2022ウェルター級展望 スペンスとウガスの3団体統一戦、クロフォードとの4団体統一戦に期待

 2021年にスーパー・スター、マニー・パッキャオ(フィリピン)が引退したウェルター級だが、多士済々のタレントぞろいは変わらず、22年も最もホットな階級の一つだ。はたして22年はファン待望の4団体統一戦が実現するのだろうか?

■ウェルター級世界王者
WBAスーパー ヨルデニス・ウガス(キューバ)
WBA ラジャブ・ブタエフ(ロシア)
WBC エロール・スペンスJr(米)
IBF エロール・スペンスJr(米)
WBO テレンス・クロフォード(米)

クロフォード(左)とスペンス

 ウェルター級は2021年、パッキャオが2年ぶりの試合でウガスに敗れ、フィリピン大統領選に出馬することもあって現役を引退。WBCとIBF王座を保持するスペンスがけがで戦線を離脱し、主役の一人だった元王者ショーン・ポーター(米)はWBO王者クロフォードに敗れて引退を表明した。

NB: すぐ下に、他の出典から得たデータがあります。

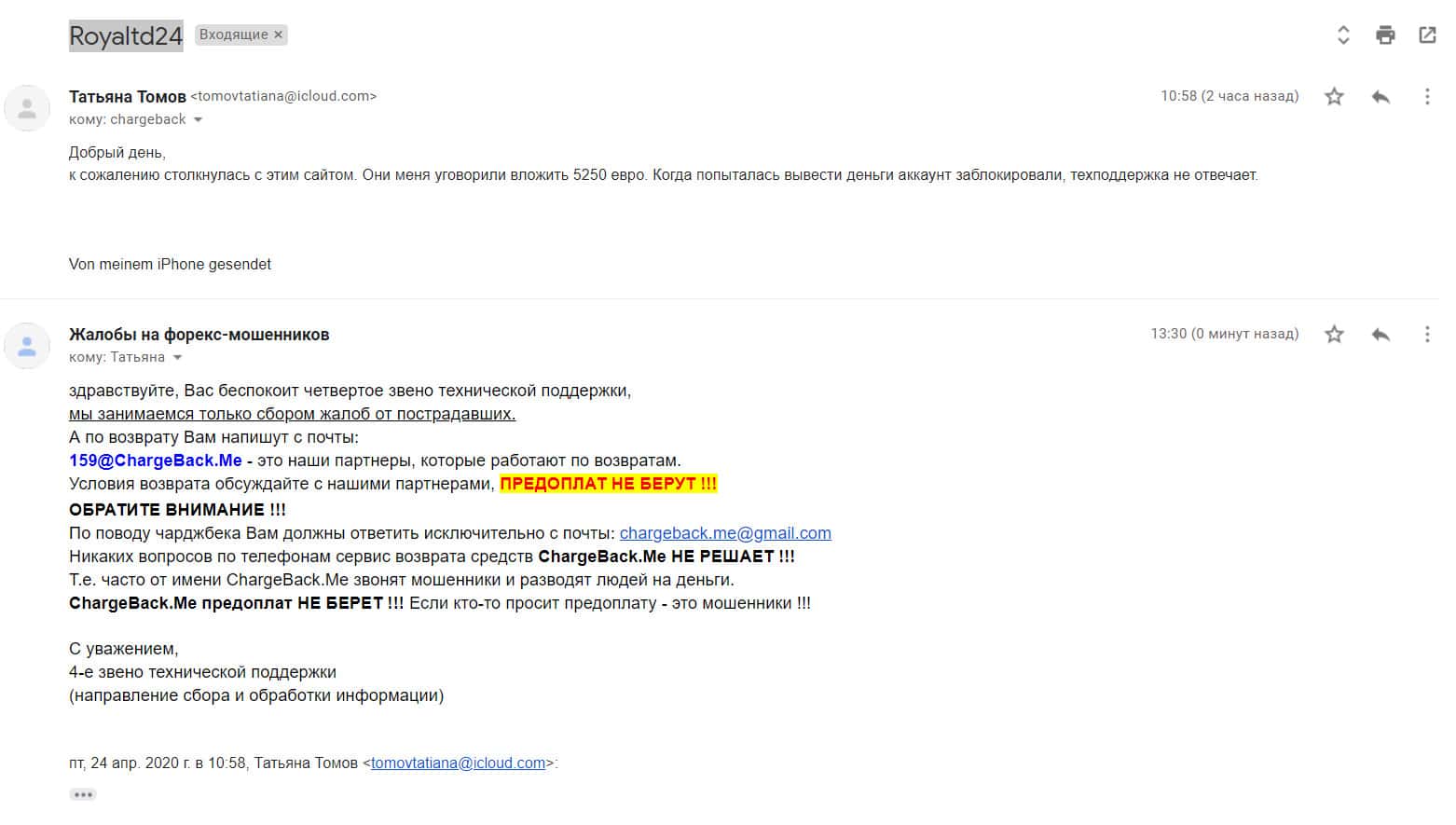 Жалоба на мошенников РояЛтд24 - клиента развели на 4 500 евро

 年が明けてビッグニュースが飛び込んできた。昨年、目のけがでパッキャオ戦を棒に振ったスペンスがWBAスーパー王者ウガスと3本のベルトをかけて戦う―と両選手が発信したのである。

 この試合が実現した場合、スペンスとウガスの勝者がWBA正規王者ブタエフと1位エイマンタス・スタニオニス(リトアニア)の勝者と対戦する―という流れと見られる。もしプラン通りのことが進めば、3団体統一王者とPFPランキングで常に上位に立つクロフォードによる4団体統一戦の機運が一気に高まるというものだ。

 1年以上試合をしていないスペンスがどの程度復調しているのか分からないが、ウガスに勝利し、団体内統一戦もクリアしてクロフォードとのビッグマッチに進む―というのがファンの最も臨むところだ。両者はプロモーターや放送プラットフォームの違いから対戦が待ち焦がれながら実現しなかった。無敗同士の頂上決戦は、ぜひ両者の力が下り坂になる前に実現してほしいものだ。

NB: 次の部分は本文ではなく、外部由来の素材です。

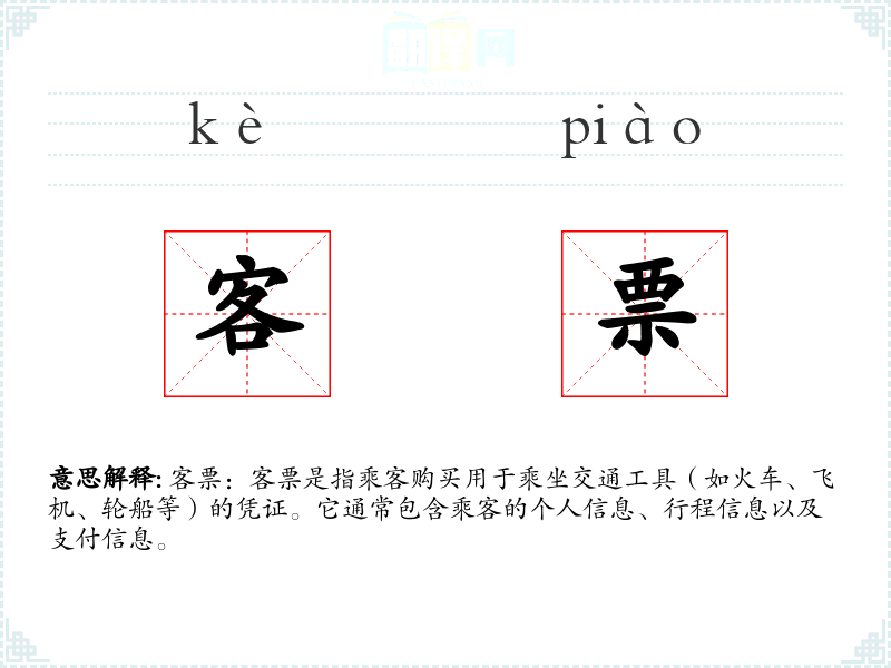 - 同义词:车票、机票、船票。这些词汇在特定交通工具上可以互换使用,但“客票”更通用,可以涵盖所有类型的交通工具。

 トップを追いかける勢力で注目されるのが、各団体で上位にランクされるバージル・オルティスJr(米)とジャロン・エニス(米)の2人だ。23歳のオルティスはパワフルなボクシングでデビューから23戦全KO勝利をマーク。今年はそろそろタイトル戦線に絡みたいところだろう。

 エニスはプロスペクトとして全階級を通じて非常に高い評価を受けているのが24歳の逸材。ここまで28勝26KOのハードパンチャーは「スペンスやクロフォードに十分対抗しうる」と言われるほど。こちらも虎視眈々とベルトを狙っている。

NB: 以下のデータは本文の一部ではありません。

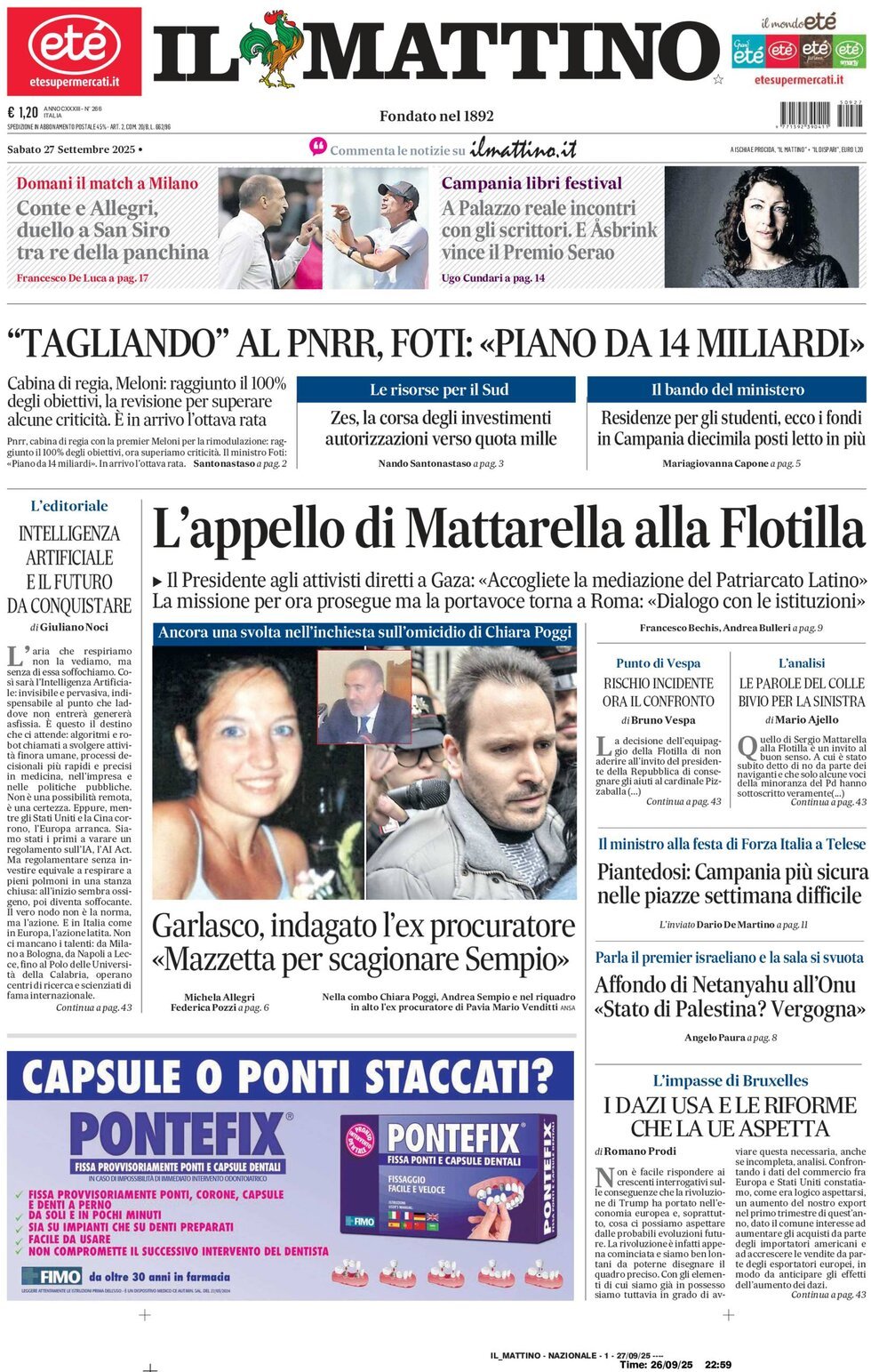 Nell'edizione di oggi, Il Mattino dedica spazio in prima pagina alla sfida tra Milan e Napoli di domani sera a San Siro, posticipo della quinta giornata di Serie A: "Conte e Allegri, duello a San Siro tra re della panchina". Di seguito la prima pagina integrale.

 前出のブタエフとスタニオニスもいまだ無敗。イギリスの25歳、こちらも無敗のコナー・ベン(20勝13KO)、IBF指名挑戦権を獲得しているクドラティーリョ・アブドカクロフ(ウズベキスタン)らもチャンスを待つ。

 タイトル戦線からは少し離れるが、2月19日に英マンチェスターで予定されているアミール・カーンとケル・ブルックの元王者対決はチケットが発売10分でソールドアウト。峠を過ぎたビッグネーム同士がどんなファイトを見せてくれるのか注目したい。